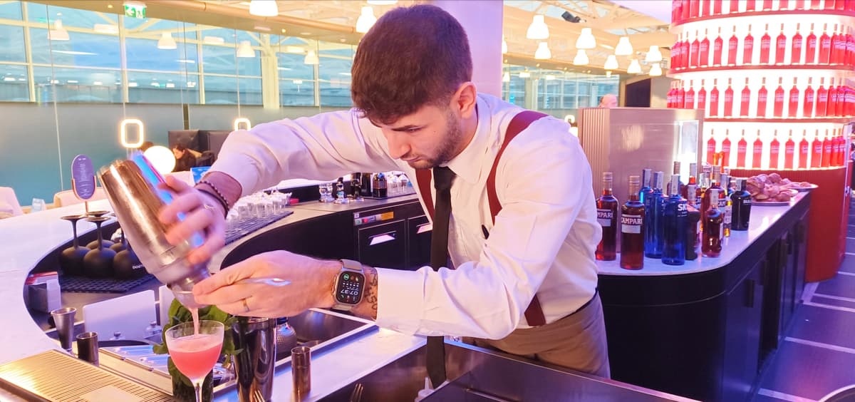 There are things one generally tries to avoid doing at 7:30 in the morning in an airport, but when a snazzy Italian lounge enters the frame must not obeisance be made to an enterprising mixologist’s matinal whims? While I eyed the Hangar’s Espresso Martini I actually tried the Fly Up, a wake-up (sort of) cocktail of Campari and gin blended with lemon and pomegranate juice.
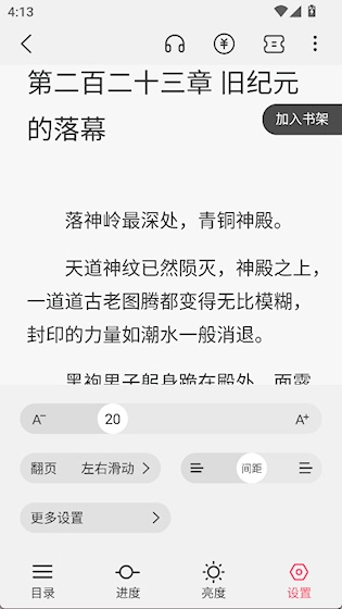 个性化阅读配置:可调整字体大小、背景色、亮度以及翻页模式,配备护眼和夜间模式,增强长时间阅读的舒适感。
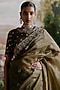 Featuring an olive green saree in organza base with antique gold dori, aari and hand embellishment. It is paired with a chanderi silk blouse and a petticoat. Style it with a necklace, dangler earrings and heels for a mehendi, wedding or engagement ceremony.
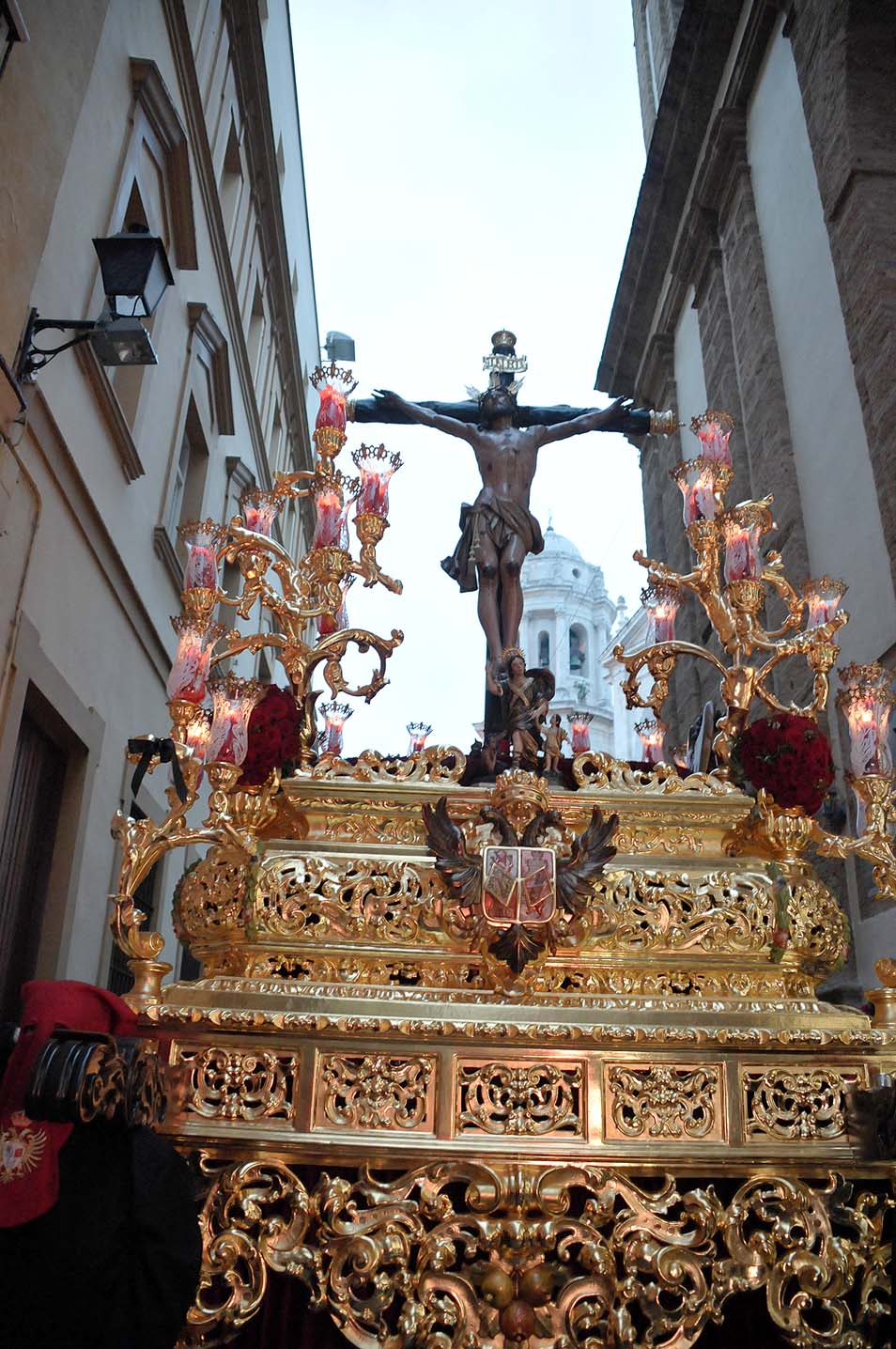 Tras anunciar su entrada la agrupación musical Polillas con la entrada de la banda sonora de la película Ben Hur, la Cruz de guía salió puntual, a las 17.15 horas, de la iglesia del Santo Ángel, el resto e tramos de penitentes han ido incorporándose al cortejo desde el patio de la facultad de Medicina. Curiosamente, este patio perteneción hace unas décadas a la parroquia aunque fueron de los terrenos que se cedieron a la Universidad de Cádiz.
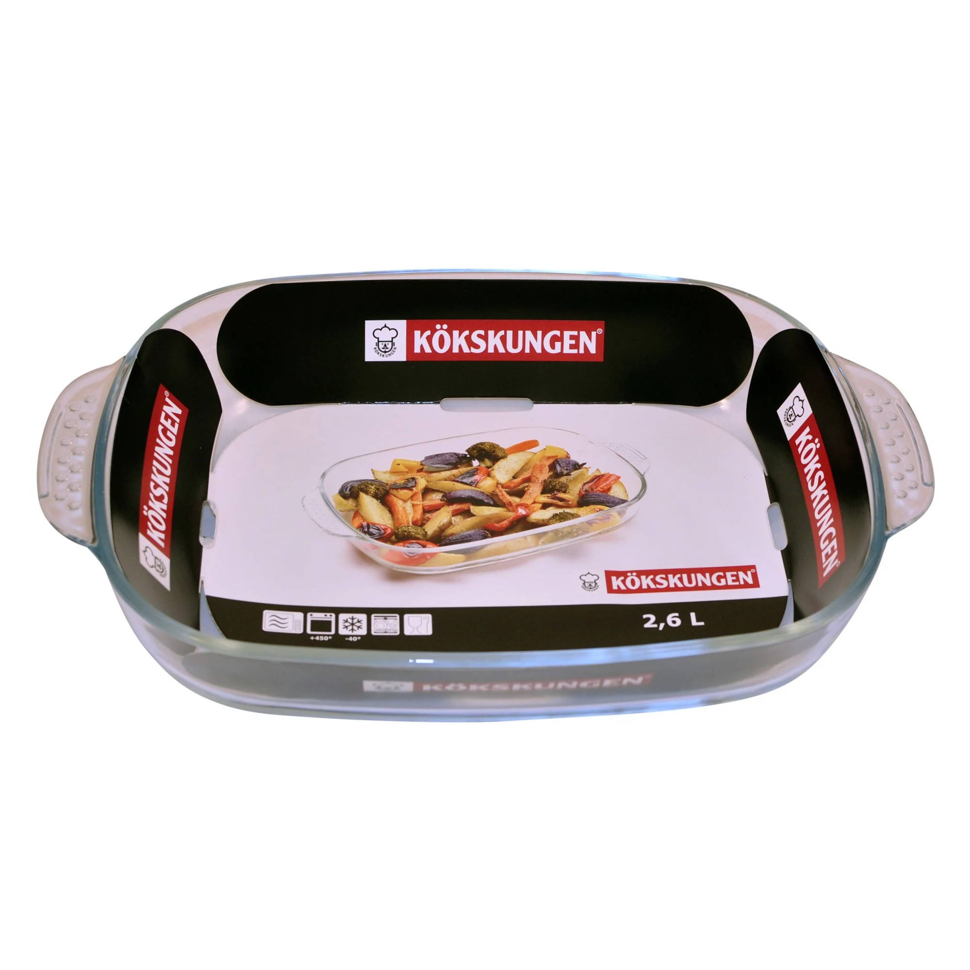 Monikäyttöinen,iskunkestävä lasivuoka joka kestää isotkin lämmönvaihtelut ja on tyylikäs myös kattauksessa. Konepesunkestävä.

*Instructions for the task*.
Nothing but the lines above, starting at the line that contains "个性化阅读配置:可调整字体大" and ending at the line that contains "Featuring an olive", should be given again, exactly and without the pictures.

*Answer below*.
 个性化阅读配置:可调整字体大小、背景色、亮度以及翻页模式,配备护眼和夜间模式,增强长时间阅读的舒适感。
 Featuring an olive green saree in organza base with antique gold dori, aari and hand embellishment. It is paired with a chanderi silk blouse and a petticoat. Style it with a necklace, dangler earrings and heels for a mehendi, wedding or engagement ceremony.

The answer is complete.